Reproduce exactly the lines from the one containing "Жушхан Морепродукты Сухие" through the end of the entries, including both. Drop the pictures.

(RECORDS SUPPLIED)

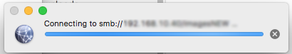When I try to connect to it (CMD+K), I normally enter the details of the share, then a dialogue box comes saying 'Connecting to SMB://.....' and another dialogue bow comes up asking for the username and password.
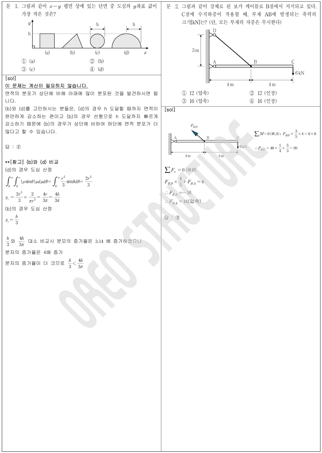 바로 풀린다” 리스트 (문제당 30초 내외)1 (단면의 도심), 2 (평형방정식으로 산정), 4 (평형방정식으로 반력 산정), 6 (트러스 단면법),7 (최대모멘트 산정), 8(정정보의 해석), 9(휨응력과 모멘트), 10(정정보의 해석), 11(단면의 도심)13(평행축 정리), 16 (정정 트러스의 해석), 17(단면의 도심), 18 (정정 축부재의 해석), 19 (기본 좌굴)“시간이 걸리지만 풀만하다” 혹은 낯선 유형 리스트[Newbie 기준] 3 (부정정 보의 해석) : 기본 문제, 부정정에 대한 거부감이 있는 사람들은 넘겼을 것[Newbie 기준] 5 (부정정 보의 해석) : 변위법으로 부정정 해석, 부정정에 대한 거부감이 있는 사람들은 넘겼을 것12 (축부재의 부재 변위와 Global 변위) :..
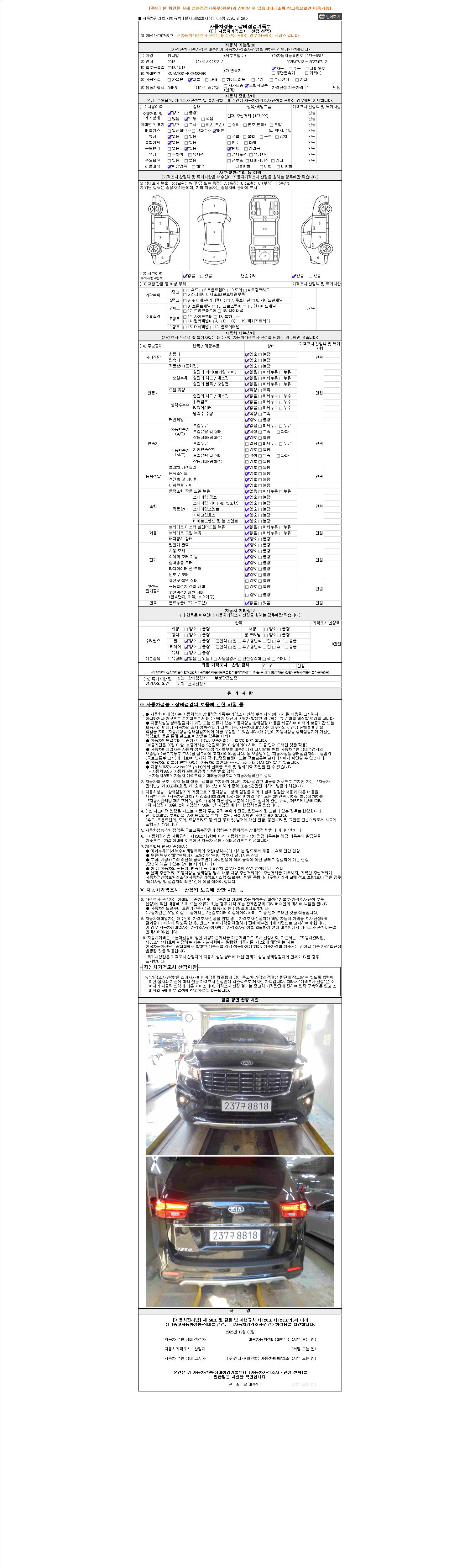 자동차관리법 시행규칙 제120조의 규정에 따라 별지 제 82호서식 《중고자동차 성능, 상태점검 기록부》를 발행한 성능, 상태점검자 및 매매자는 아래의 보증기간 또는 보증거리 이내의 중고자동차, 성능점검 기록부에 기재된 내용과 자동차의 실제 성능, 상태가 다른 경우 계약 또는 관계법령에 따라 매수인에 대하여 책임을 집니다.
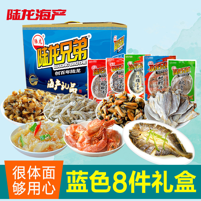 Жушхан Морепродукты Сухие товары подарок пакет Лу длинные братья новый голубой через классический 8 кусочков подарочной коробке B Пакет домашнего Нового года
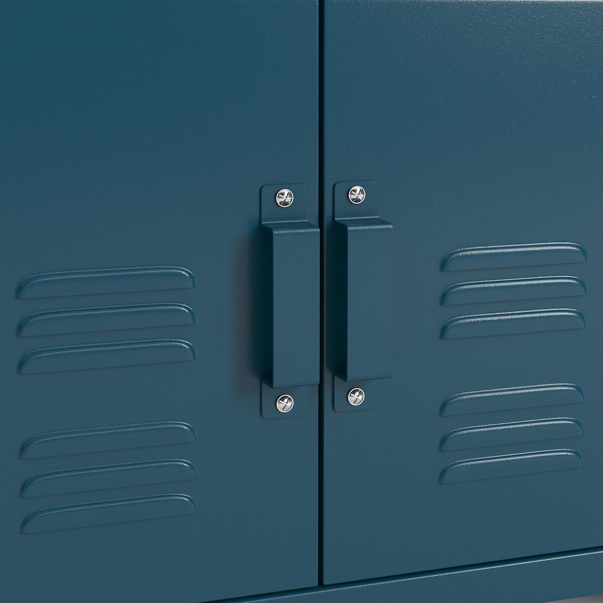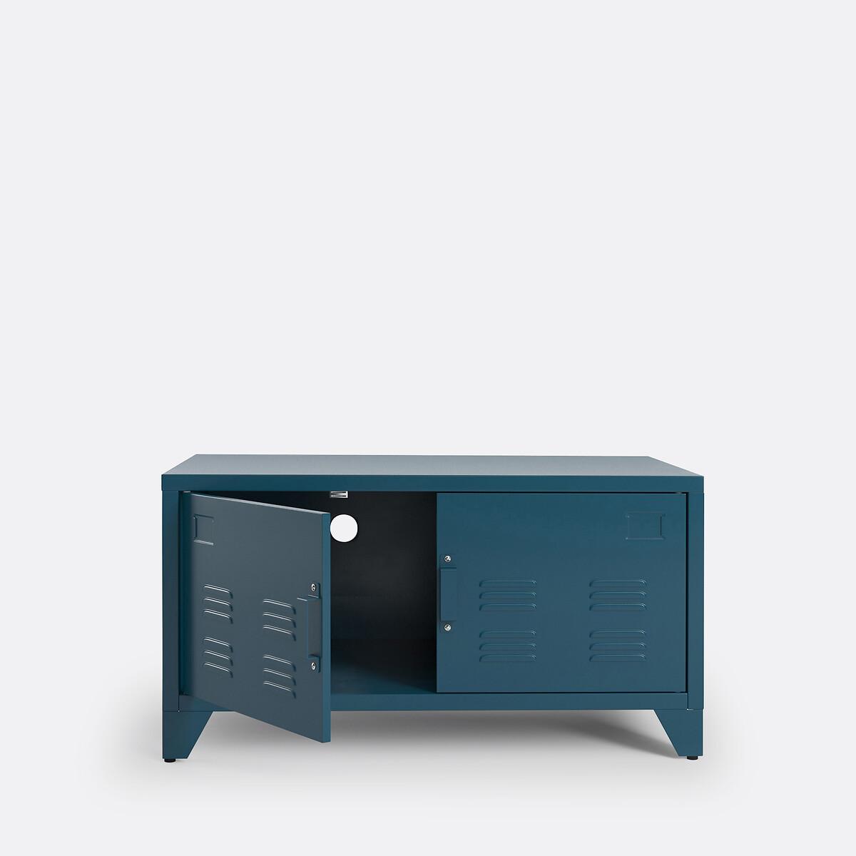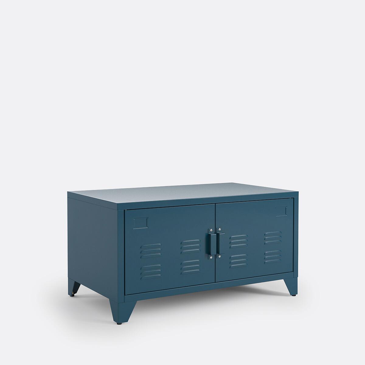 With its industrial design, the Hiba metal 2-door low cabinet brings a vintage touch to your decor. Perfect as an occasional piece of furniture, it will easily find its place in an entrance hall, a child's room or even in an office.. A more real product, without the feet, it fits perfectly in addition to the Hiba 2 door cabinet. Product Details • Made from steel with an epoxy finish • 2 doors with magnetic closure • Inside: 1 compartment • Adjustable legs: 4 plastic pads adjustable in heightDimensions. Overall • Length: 85cm • Depth: 50cm • Height: 45cm. Usable space • Height of legs: 8cm • Weight: 12kgDelivery:. Assembly required. Available for home delivery. Dimensions and weight of parcel1 parcel • L102 x H12.5 x D57cm. 14.65kg.
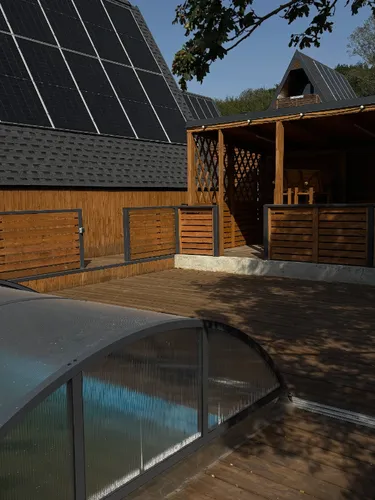 А‑фрейм с бассейном — современный домик в стиле шале для комфортного отдыха.
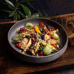 Orez, mango, chuka, roșii cherry, porumb, ridiche, avocado, tartar de creveți, sos unagi, susan, sos de soia -440 g
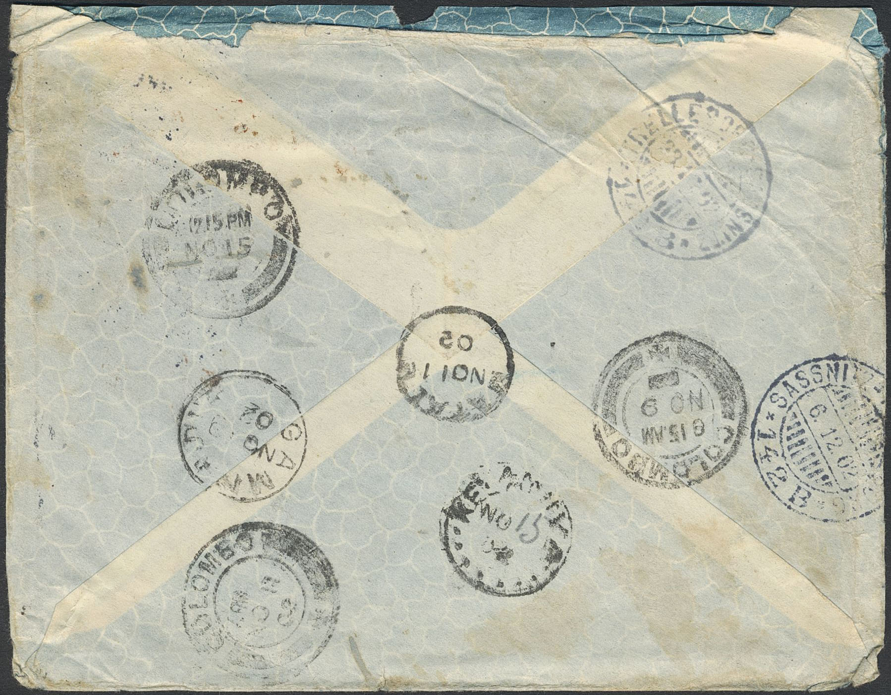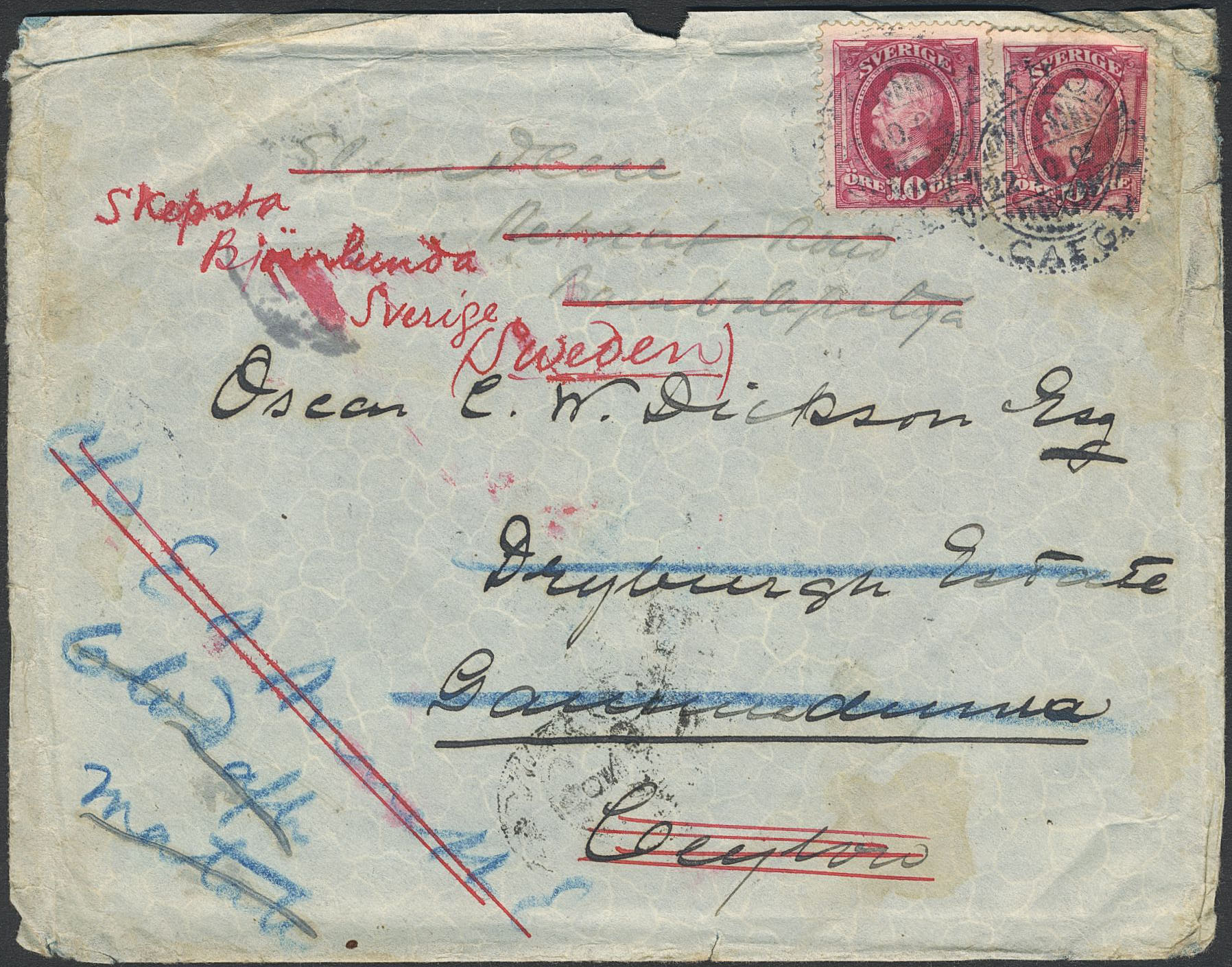 Sweden. Facit 54 on cover, 2×10 öre on nice cover sent from STOCKHOLM 22.10.02 to Ceylon, then forwarded to Bambalapitiya, then to MATALE11.NO.02, then finally to Björnlunda, Sweden. Eight cancels on the reverse. Some imperfections.

(End RECORDS SUPPLIED)

> [RESULT OF THIS EXERCISE]
 Жушхан Морепродукты Сухие товары подарок пакет Лу длинные братья новый голубой через классический 8 кусочков подарочной коробке B Пакет домашнего Нового года
 With its industrial design, the Hiba metal 2-door low cabinet brings a vintage touch to your decor. Perfect as an occasional piece of furniture, it will easily find its place in an entrance hall, a child's room or even in an office.. A more real product, without the feet, it fits perfectly in addition to the Hiba 2 door cabinet. Product Details • Made from steel with an epoxy finish • 2 doors with magnetic closure • Inside: 1 compartment • Adjustable legs: 4 plastic pads adjustable in heightDimensions. Overall • Length: 85cm • Depth: 50cm • Height: 45cm. Usable space • Height of legs: 8cm • Weight: 12kgDelivery:. Assembly required. Available for home delivery. Dimensions and weight of parcel1 parcel • L102 x H12.5 x D57cm. 14.65kg.
 А‑фрейм с бассейном — современный домик в стиле шале для комфортного отдыха.
 Orez, mango, chuka, roșii cherry, porumb, ridiche, avocado, tartar de creveți, sos unagi, susan, sos de soia -440 g
 Sweden. Facit 54 on cover, 2×10 öre on nice cover sent from STOCKHOLM 22.10.02 to Ceylon, then forwarded to Bambalapitiya, then to MATALE11.NO.02, then finally to Björnlunda, Sweden. Eight cancels on the reverse. Some imperfections.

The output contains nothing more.